Coaxial conducting cylinders are located at \(\rho=0.5 \mathrm{~cm}\) and \(\rho=1.2 \mathrm{~cm}\). The region between the cylinders is filled with a homogeneous perfect dielectric. If the inner cylinder is at \(100 \mathrm{~V}\) and the outer at \(0 \mathrm{~V}\), find (a) the location of the \(20 \mathrm{~V}\) equipotential surface; \((b) E_{\rho \max } ;(c) \epsilon_{r}\) if the charge per meter length on the inner cylinder is \(20 \mathrm{nC} / \mathrm{m}\).

By considering the potentials at the inner and outer cylinders, we can set up the following system of equations: \begin{align*} 100 &= V_{0} + K\ln{\frac{0.5}{\rho_0}} \\ 0 &= V_{0} + K\ln{\frac{1.2}{\rho_0}} \end{align*} By solving this system, we can find the values of \(V_0\) and \(K\).

Solving the second equation for \(V_0\), we get: \[V_{0}=-K\ln{\frac{1.2}{\rho_0}}\] Substitute this into the first equation: \[100 = -K\ln{\frac{1.2}{\rho_0}} + K\ln{\frac{0.5}{\rho_0}}\] Simplifying this equation, we can find the constant \(K\): \[K = \frac{100}{\ln{\frac{0.5}{\rho_0}} - \ln{\frac{1.2}{\rho_0}}} = -50\] Now we can substitute this back into the equation for \(V_0\) to get: \[V_{0} = 50\ln{\frac{1.2}{\rho_0}}\]

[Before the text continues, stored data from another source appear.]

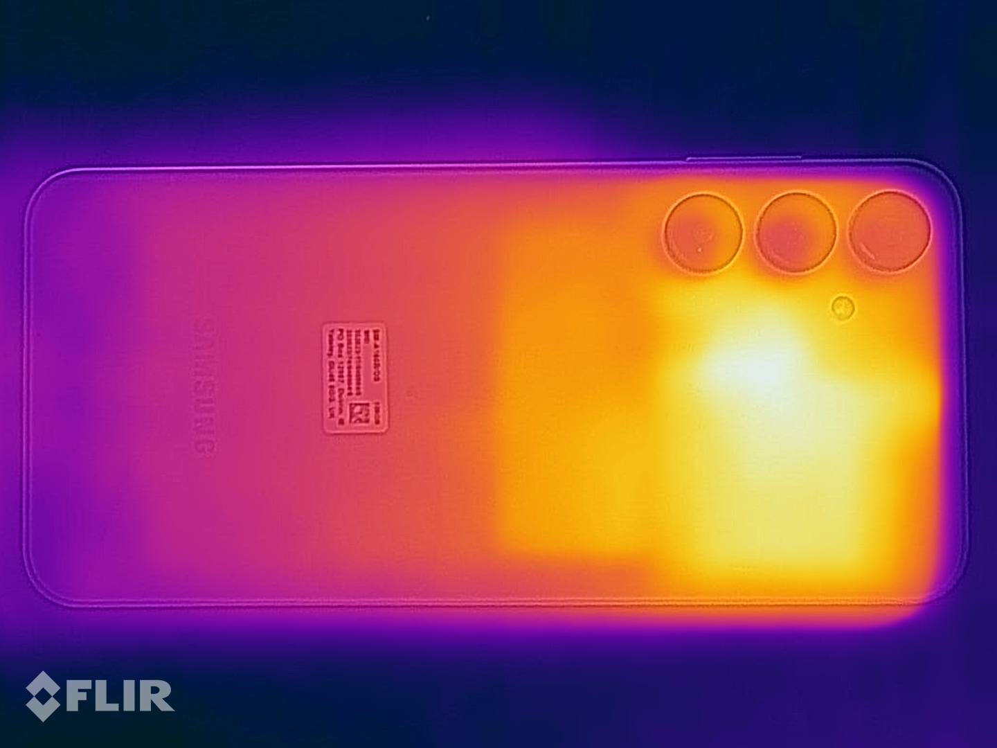 Durch die moderate Power des Samsung Exynos 1330 kommt es im Betrieb auch zu keinerlei Temperaturproblemen. Bei voller Auslastung erhitzt sich das Gehäuse zwar auf bis zu 45,5 °C, was sich schon recht warm anfühlt. Intern bleibt das Smartphone aber cool, denn es kann auch unter Dauerstress immer seine volle Leistung abrufen.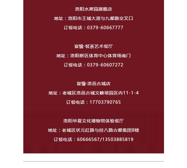 洛陽餐旅集團(tuán)旗下酒店 團(tuán)拜宴 | 年夜飯火熱預(yù)定中······ 發(fā)布時(shí)間:2017-11-28來源:點(diǎn)擊:2369 洛陽餐旅 宴會專家全國預(yù)訂客服熱線:400-616-3939微信號:hacyly股票代碼:836977長按二維碼識別后添加關(guān)注以上信息來源于洛陽餐旅集團(tuán)官網(wǎng):m.jqqty.cn 分享到:0 用手機(jī)看 拍下二維碼,信息隨身看 試試用微信掃一掃,在你手機(jī)上繼續(xù)觀看此頁面。 上一篇:宴愉一周歲了!感恩回饋生日趴 海鮮泡飯9.9元!超多優(yōu)惠等您來! 下一篇:中國食品安全報(bào)編輯部主任張基廷等一行參觀考察洛陽旅發(fā)集團(tuán)旗下華夏喜慶文化博物館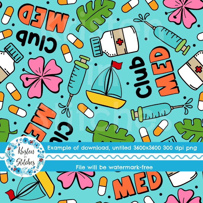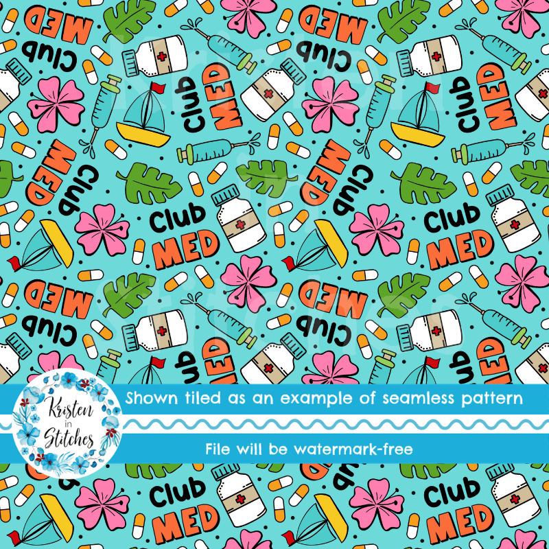 Club Med Seamless Pattern, Nurse Medical Humor, Blue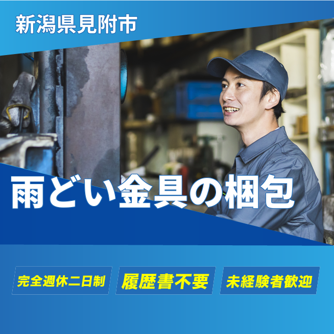 給与詳細 月収例 214,500円 時給例 1,100円 勤務地 新潟県見附市 仕事内容 雨どい金具の梱包、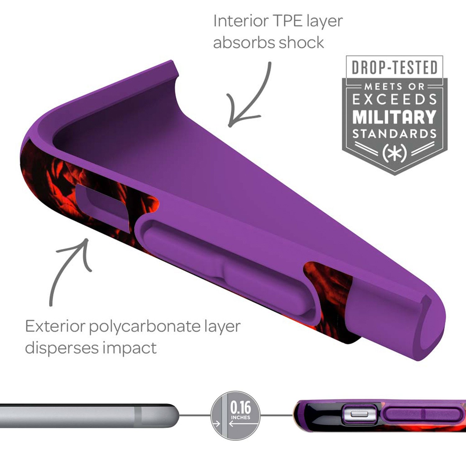 The inner side and the corner of the case adopt TPE material and have flexibility, so protect the terminal by absorbing impact such as falling.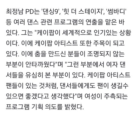 다들 댄서 분들에 집중해서 봐줬음 좋겠어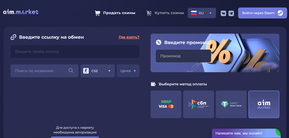 The only way to register on the AIMMarket site is through Steam. After registration, all that remains is to enter your current trade link.
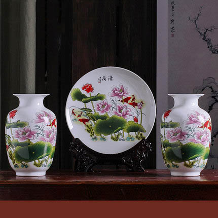 Artisanat de décoration de petit vase en céramique 3 pièces Lotus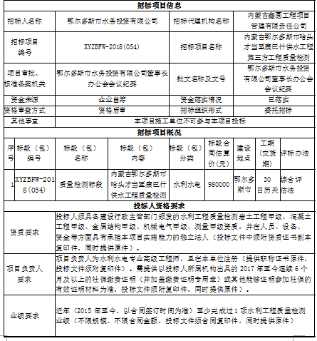 内蒙古鄂尔多斯市哈头才当至康巴什供水工程第三方工程质量检测招标公告

To determine the location of the \(20 \mathrm{~V}\) equipotential surface, we need to solve for \(\rho\) in the following equation: \[20 = 50\ln{\frac{1.2}{\rho_0}} -50\ln{\frac{\rho}{\rho_0}}\] By solving this, we can find the location of the equipotential surface \(\rho_{20V}\). In addition, we can find the electric field \(E_{\rho}\) by finding the derivative of the potential function: \[E_{\rho} = -\frac{dV}{d\rho} = \frac{50}{\rho}\] By finding the maximum electric field \(E_{\rho\max}\), we can proceed to step 4 to determine \(\epsilon_{r}\).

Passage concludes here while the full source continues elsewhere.